■ Data items:
== Segment start ==

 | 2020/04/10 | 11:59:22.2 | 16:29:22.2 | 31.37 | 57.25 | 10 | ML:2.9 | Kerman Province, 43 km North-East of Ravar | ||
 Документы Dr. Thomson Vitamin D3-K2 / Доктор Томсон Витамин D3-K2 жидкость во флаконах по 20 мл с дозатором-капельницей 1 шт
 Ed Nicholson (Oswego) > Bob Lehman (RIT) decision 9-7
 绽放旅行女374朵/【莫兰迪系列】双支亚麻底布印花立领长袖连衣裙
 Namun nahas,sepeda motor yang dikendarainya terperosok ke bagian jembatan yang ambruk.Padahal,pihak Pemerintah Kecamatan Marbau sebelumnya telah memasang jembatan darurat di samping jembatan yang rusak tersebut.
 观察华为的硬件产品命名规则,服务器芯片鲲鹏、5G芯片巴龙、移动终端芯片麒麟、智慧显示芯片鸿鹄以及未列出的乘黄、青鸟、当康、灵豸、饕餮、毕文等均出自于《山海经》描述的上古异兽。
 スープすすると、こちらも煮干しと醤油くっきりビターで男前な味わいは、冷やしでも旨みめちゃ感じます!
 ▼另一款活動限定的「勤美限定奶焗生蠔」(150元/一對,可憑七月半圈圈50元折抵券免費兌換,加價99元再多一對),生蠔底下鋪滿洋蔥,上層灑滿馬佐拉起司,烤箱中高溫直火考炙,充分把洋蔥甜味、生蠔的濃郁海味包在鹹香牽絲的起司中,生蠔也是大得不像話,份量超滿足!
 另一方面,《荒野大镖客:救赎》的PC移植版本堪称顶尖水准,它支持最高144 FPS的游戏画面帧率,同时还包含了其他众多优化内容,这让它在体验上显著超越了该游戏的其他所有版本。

== Segment end ==

■ Description of the task: The answer must restate each entry word for word.

■ Written solution:
 | 2020/04/10 | 11:59:22.2 | 16:29:22.2 | 31.37 | 57.25 | 10 | ML:2.9 | Kerman Province, 43 km North-East of Ravar | ||
 Документы Dr. Thomson Vitamin D3-K2 / Доктор Томсон Витамин D3-K2 жидкость во флаконах по 20 мл с дозатором-капельницей 1 шт
 Ed Nicholson (Oswego) > Bob Lehman (RIT) decision 9-7
 绽放旅行女374朵/【莫兰迪系列】双支亚麻底布印花立领长袖连衣裙
 Namun nahas,sepeda motor yang dikendarainya terperosok ke bagian jembatan yang ambruk.Padahal,pihak Pemerintah Kecamatan Marbau sebelumnya telah memasang jembatan darurat di samping jembatan yang rusak tersebut.
 观察华为的硬件产品命名规则,服务器芯片鲲鹏、5G芯片巴龙、移动终端芯片麒麟、智慧显示芯片鸿鹄以及未列出的乘黄、青鸟、当康、灵豸、饕餮、毕文等均出自于《山海经》描述的上古异兽。
 スープすすると、こちらも煮干しと醤油くっきりビターで男前な味わいは、冷やしでも旨みめちゃ感じます!
 ▼另一款活動限定的「勤美限定奶焗生蠔」(150元/一對,可憑七月半圈圈50元折抵券免費兌換,加價99元再多一對),生蠔底下鋪滿洋蔥,上層灑滿馬佐拉起司,烤箱中高溫直火考炙,充分把洋蔥甜味、生蠔的濃郁海味包在鹹香牽絲的起司中,生蠔也是大得不像話,份量超滿足!
 另一方面,《荒野大镖客:救赎》的PC移植版本堪称顶尖水准,它支持最高144 FPS的游戏画面帧率,同时还包含了其他众多优化内容,这让它在体验上显著超越了该游戏的其他所有版本。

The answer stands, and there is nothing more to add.